In oral arguments this week, the Colorado Supreme Court will take a look at a 63-year-old case in Colorado’s eminent domain law to figure out how broadly it applies. At issue is a Court of Appeals decision that interpreted the precedent’s peculiar fact pattern as a sweeping application of an exception to the takings clause. The key question: Does a covenant that restricts certain uses of property create a compensable property interest if a government declares eminent domain on it?
In 2018, the Court of Appeals ruled the application of a 1956 Supreme Court decision, Smith v. Clifton Sanitation District, is not limited to its fact pattern. In that case, property owners enacted a restrictive covenant against the use of their land as sanitation disposal after negotiations with a sanitation district to buy property for that purpose fell apart. The property owners’ clear goal was to prevent the sanitation district from declaring eminent domain to getting the land for its intended purpose, and the Supreme Court ultimately said the covenant did not create a property interest for compensation.
This new case on appeal from the Court of Appeals, formerly known as Town of Monument v. State of Colorado, involves a parcel Monument bought in a residential area to build a municipal water storage tank. A restrictive covenant that applies to all the subdivision’s property lots bars such structures. Monument filed a case to use its eminent domain power, but other property owners said because the covenant benefits all the subdivision’s property, Monument can’t have an exception to the covenant without compensating each property owner.
The Court of Appeals ruled in favor of Monument. The court read the Smith precedent broadly to mean a restrictive covenant does not create a property interest that a government has to compensate. The court acknowledged the fact pattern in Smith is unusual, but said the decision didn’t depend on on the property owners’ intent when they enacted the restrictive covenant.
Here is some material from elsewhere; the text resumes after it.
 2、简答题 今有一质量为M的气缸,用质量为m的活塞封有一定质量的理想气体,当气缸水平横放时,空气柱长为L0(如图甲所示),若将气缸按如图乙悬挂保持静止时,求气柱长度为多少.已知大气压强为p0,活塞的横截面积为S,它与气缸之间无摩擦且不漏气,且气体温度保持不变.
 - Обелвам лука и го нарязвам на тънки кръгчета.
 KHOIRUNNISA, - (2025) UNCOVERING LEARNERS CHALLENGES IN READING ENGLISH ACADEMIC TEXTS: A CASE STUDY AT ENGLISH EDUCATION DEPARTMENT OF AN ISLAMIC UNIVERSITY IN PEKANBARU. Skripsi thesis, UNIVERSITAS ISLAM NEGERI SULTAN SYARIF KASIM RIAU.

The Supreme Court “could’ve just said that regardless whether such restrictive covenants are compensable property interests in this context, they aren’t when agreed to as part of a scheme to muck up a condemning authority’s plans to acquire property through eminent domain,” wrote Judge Jerry Jones for the Court of Appeals. “But the court didn’t say anything like that. Instead, it articulated a rule in broad terms, without caveat.” Key to Monument’s argument is that “private entities do not have the power to curtail a government’s proper use of the condemnation power, and that’s what our contention is,” said Joseph Rivera, special counsel with Murray Dahl Beery Renaud who represents Monument. The case is now Raymond Decker and Forest View Company v. Town of Monument. “However, I think why the court is looking at it is because other states have held differently.”
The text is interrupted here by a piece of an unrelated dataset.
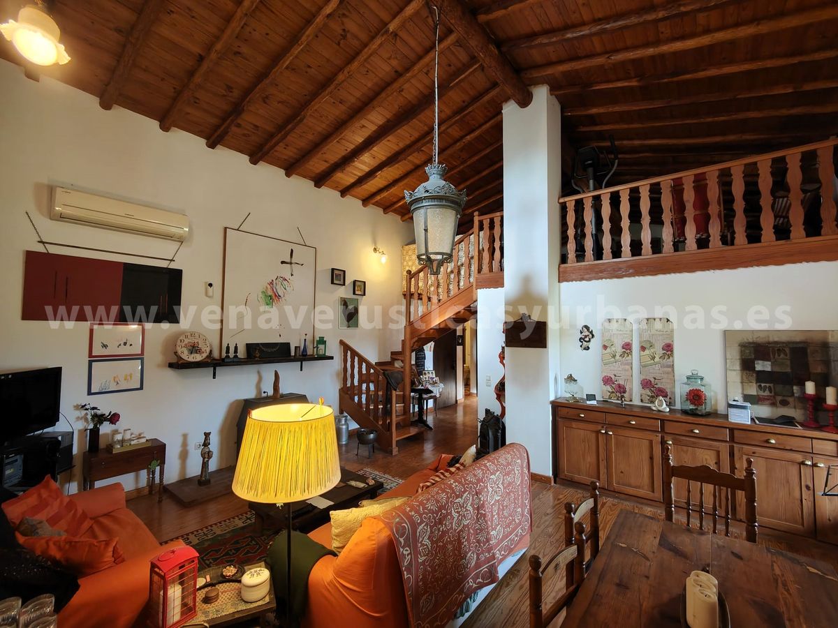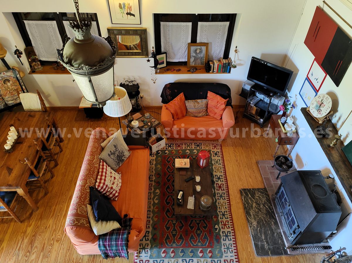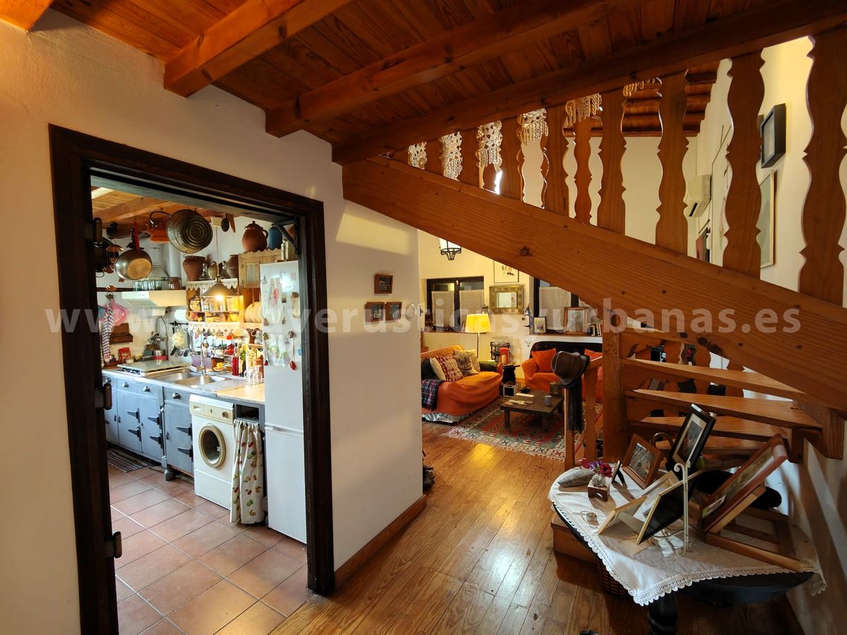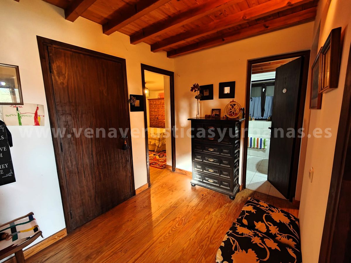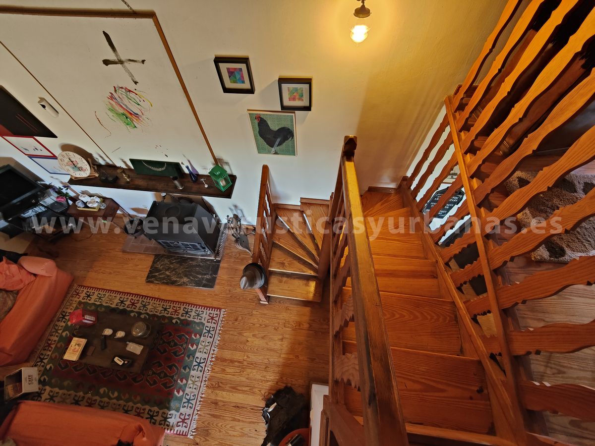 El salón se abre a un vestíbulo distribuidor, y desde este punto una escaleras de madera nos llevan al piso superior, una bella y amplísima bajo cubierta con vigas de madera, muy luminosa igualmente, que consta de cuatro grandes ventanas, (dos con acceso a la terraza) y se abre sobre el salón, con un bonito antepecho de madera labrada.

As one example, the New Mexico Court of Appeals cited the Smith case in Leigh v. Village of Los Lunas. The 2004 decision held construction of a drainage pond violated a restrictive covenant and required compensation to landowners of one nearby parcel. The decision recognized Colorado’s decision in Smith as part of a “minority view” that restrictive covenants aren’t property covered by eminent domain protections.
Jack Sperber, a partner at Faegre Baker Daniels who represents both landowners and condemning entities in eminent domain cases, said it seems well-established that private entities can’t restrict governments’ eminent domain authority. The unusual question, he said, is more about whether a restrictive covenant is actually a property interest if an entity with eminent domain powers violates it for a public use. “I think that is a pretty clear baseline proposition. What’s interesting about these kinds of cases is [whether] a restrictive covenant is some form of property right.”
Rivera said he plans to argue that even though the Smith precedent had a peculiar fact pattern, the court still “took great pains” to make its decision broad. “One of the [policy] bases was that private landowners cannot contract to restrict a government from exercising its power of eminent domain,” he said.
In Smith, the Supreme Court pointed to the difficulty a condemning authority would have if it had to pay damages for each property interest in an area subject to restrictions. Richard Hanes, an attorney at Hanes & Bartels who represents Raymond Decker and Forest View Company, said he disagrees with that reasoning. Compensation would in reality depend on specific damage to each lot, he said, rather than automatically applying to all lots subject to a restrictive
Hanes added it doesn’t make sense to base a ruling on the “worst-case scenario that is probably unlikely.”
Rivera said the fact that Monument didn’t actually take property is a key piece of the municipality’s case, because entitlement to compensation in an eminent domain case requires the use of a landowner’s property.
“What was harmed was not an interest in real property that [residents] own,” he said. “That’s a super important distinction.”